Install the connector manually

Download and extract the ZIP file for your connector and then follow the manual connector installation instructions.

Configuration Properties

For a complete list of configuration properties for this connector, see Configuration Reference for Debezium MongoDB Source Connector for Confluent Platform.

License

The Debezium MongoDB connector is an open source connector and does not require a Confluent Enterprise License.

Configure a Replication Mechanism on MongoDB

Initiate a replica set

The Debezium MongoDB connector can capture changes from a single MongoDB replica set. In production replica sets it is recommended to have at least three members, the connector can work with fewer members, it doesn’t care how many members are in the replica set.

To use the Debezium MongoDB connector with a replica set, configure the mongodb.hosts property using the addresses of one or more replica set servers as seed addresses. The connector uses these seeds to connect to the replica set. After the connector connects to the replica set, it retrieves the complete set of members–including which member is primary–from the replica set.

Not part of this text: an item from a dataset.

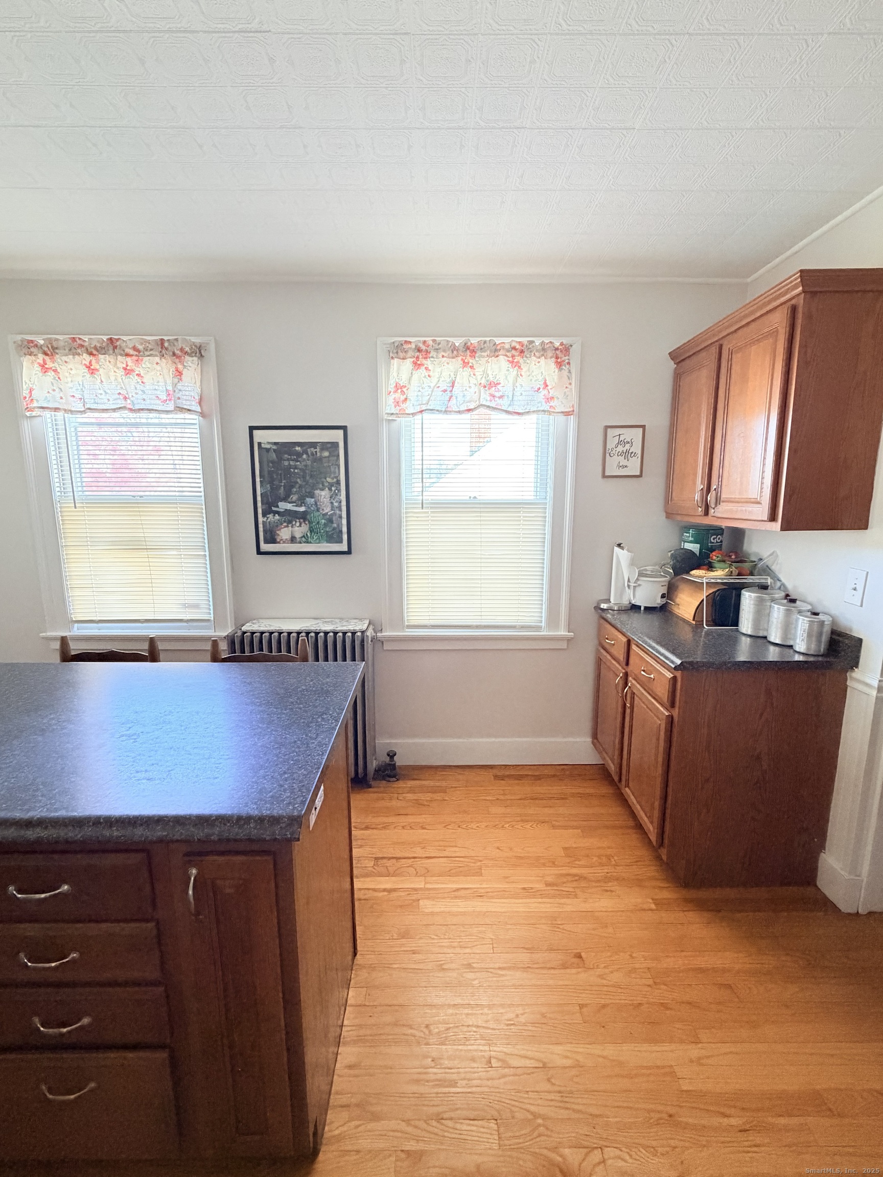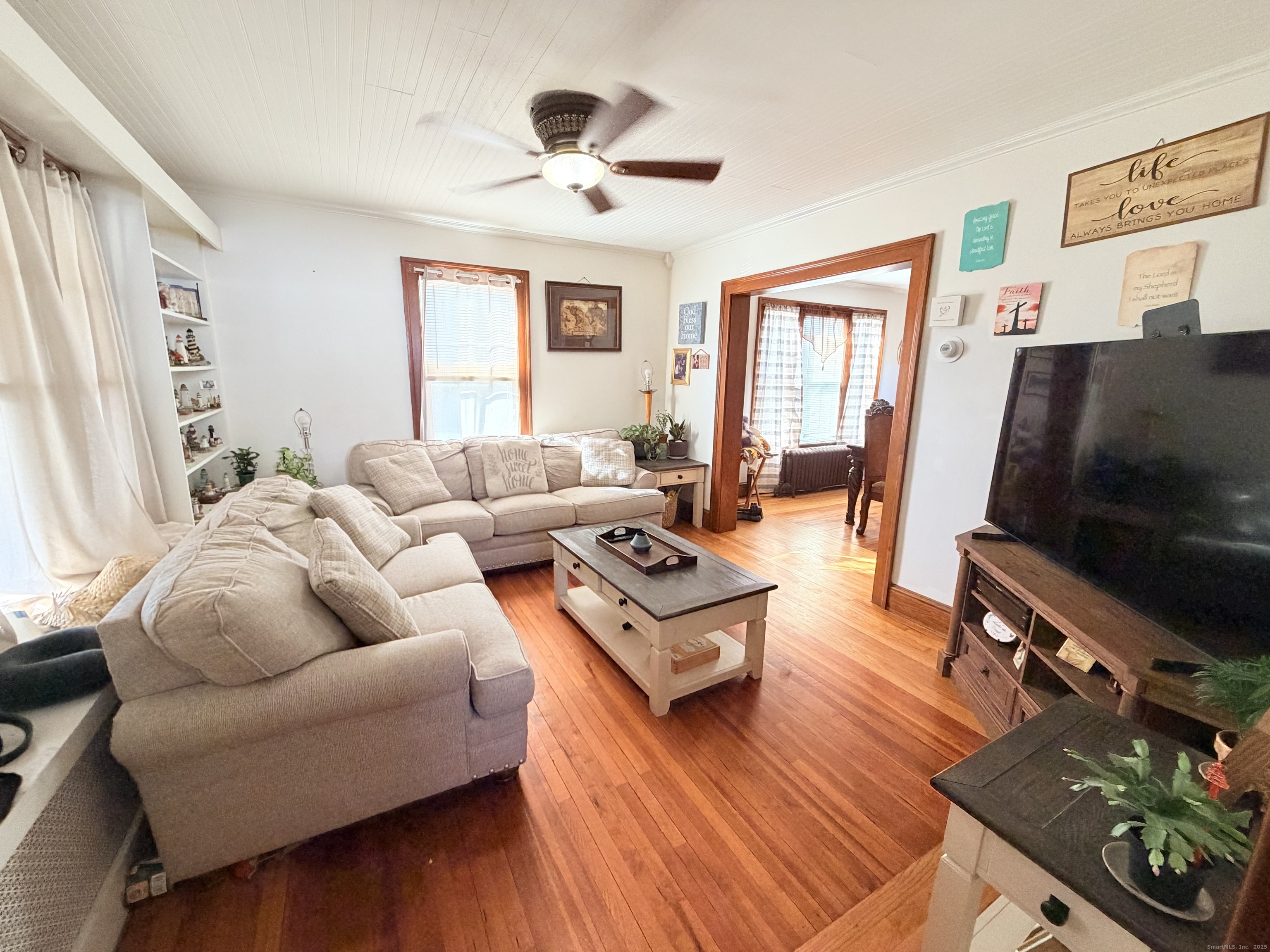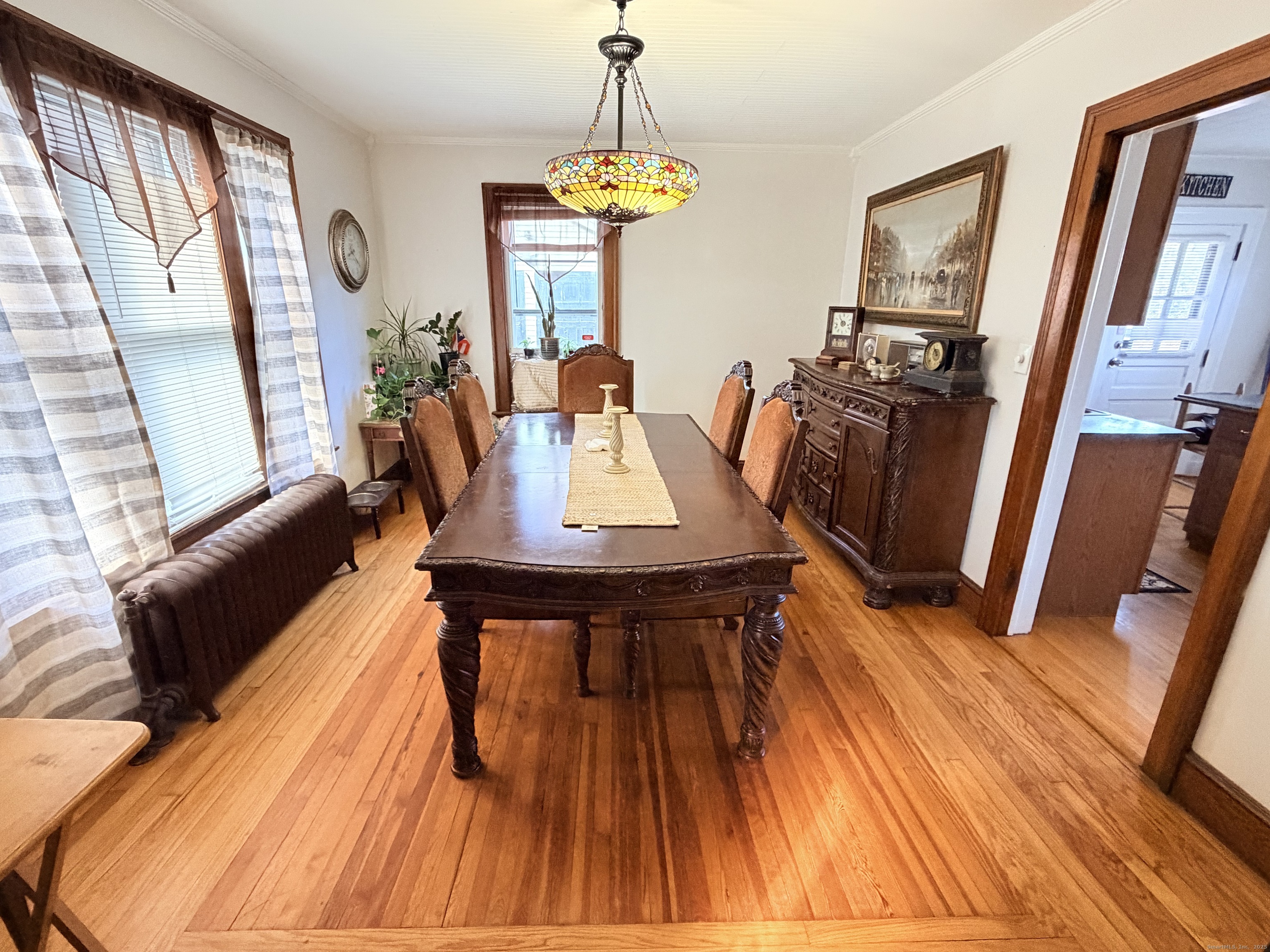 Welcome to this charming and beautifully maintained 2.5-bedroom (yes, you read that right, ".5" additional space, 1.5-bath home, thoughtfully designed for comfort, character, and modern living. From the moment you step inside, you'll feel the warmth and pride of ownership throughout every space. The sun-filled living room features gleaming hardwood floors, large windows, and custom built-ins that add both function and timeless appeal. The inviting layout flows into a spacious formal dining room-perfect for gatherings-highlighted by a stunning stained-glass Tiffany chandelier and rich wood trim. The kitchen offers generous cabinetry, stainless steel appliances, a center island, and ample counter space, making it ideal for cooking, entertaining, and everyday convenience. This home features 2 full-size bedrooms, plus an additional cozy room-perfect for a nursery, office, or personal retreat-offering flexibility to match your lifestyle needs. Outside, enjoy a large backyard with a cement patio, perfect for barbecues, entertaining, or quiet afternoons outdoors. The property also includes a Wood stove-heated 2-car garage with full electric, providing the ultimate convenience for hobbies, storage, and year-round vehicle protection. MAJOR VALUE ADD!! Sellers are considering paying off the solar panels and remaining roof balance for the new owner's peace of mind, offering the incredible benefit of essentially NO electric bill!!!!

The connector then starts a task to connect to the primary member and captures the changes from the primary member’s oplog. When the replica set elects a new primary member, the task switches over to the new primary member.

With at least one MongoDB server running, start a container with this image to verify if the replica set is initiated. If it is not initiated, initiate the replica set and add all of the servers to it.

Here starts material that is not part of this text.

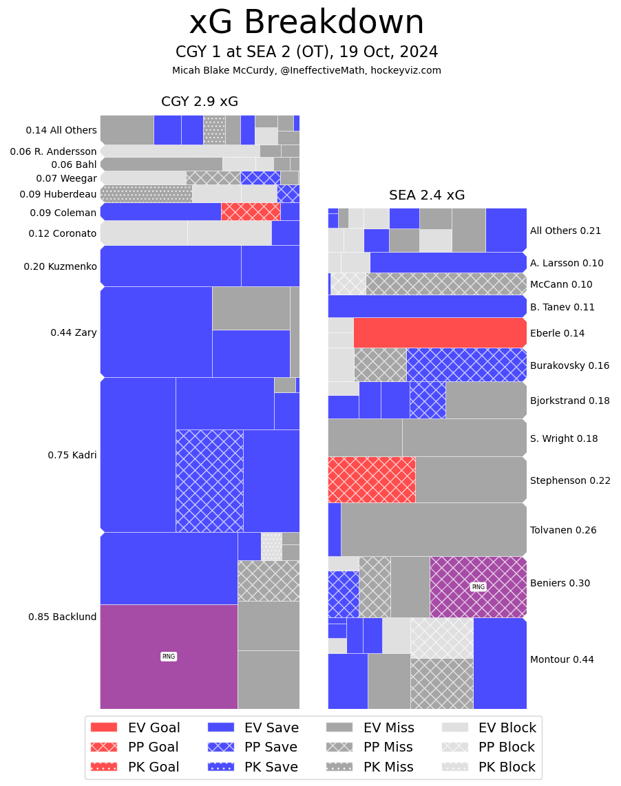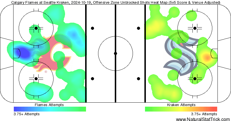 It’s a Team Game – I strongly believe the numbers here do not reflect the final result at all. The Kraken gained a lot of momentum every time they had a power play and Calgary kept making plays at the end of the game that baffled me. Mantha and Pospisil not being as hard on the forecheck as they have been all year, the defenceman constantly passing to nobody or trying to stretch it out through the neutral zone only to miss and get an icing, and the final play that caused the turnover in overtime. It all just ended up being a waste of a spectacular appearance by Dan Vladar – chaotic at times – but spectacular. Calgary’s 5v5 strength still drove them to a point and they do remain undefeated in regulation.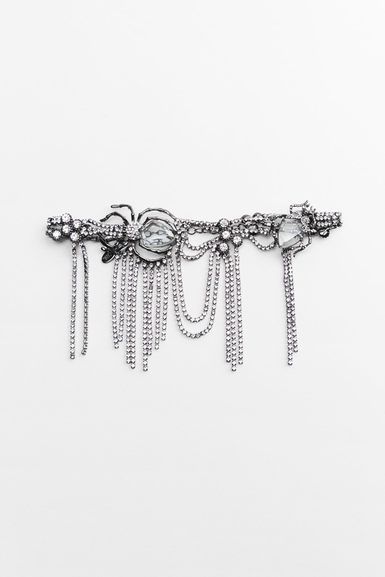 En Zara las joyas son más que accesorios o adornos para completar tu outfit. Son piezas de orfebrería que obedecen a la elegancia, son diseños creados para enaltecer la belleza que no conoce género y un ejemplo claro es éste choker de metales brillosos inspirado en las redes tejidas por los insectos arácnidos con una ilusión de telarañas centelleantes que cuelgan de la pieza y se ajusta perfectamente al cuello con cierre mosquetón. Está gargantilla moderna puede ser usada por mujeres y hombres de todas las edades que quieran resaltar su gusto por las piezas de joyería auténticas que es imposible dejar pasar desapercibidas.

Start the container with the name of the replica set in the $REPLICASET environment variable, using links named like MONGO_n (where n=1,2,3, etc.) for each of the MongoDB servers that are to be in the replica set.

docker run -it --name mongo-init --rm -e REPLICASET=rs0 --link data1:mongo1 --link data2:mongo2 --link data3:mongo3 debezium/mongo-initiator

Initiate a sharded cluster

A MongoDB sharded cluster consists of:

  • a separate replica set that acts as the cluster’s configuration server
  • one or more shards, each deployed as a replica set
  • one or more routers (mongos) to which clients connect and that routes requests to the appropriate shards

To use the Debezium MongoDB connector with a sharded cluster:

  • Configure the connector with the host addresses of the configuration server replica set.

The container can be added to the replica set as a shard to one or more MongoDB routers. For example, consider three MongoDB servers running in containers shardA1, shardA2, and shardA3, and two MongoDB routers running in containers router1 and router2. The following command will ensure that shardA1, shardA2, and shardA3 are properly initiated as replica set shardA, and that the shardA replica set is added as a shard to the routers router1 and router2.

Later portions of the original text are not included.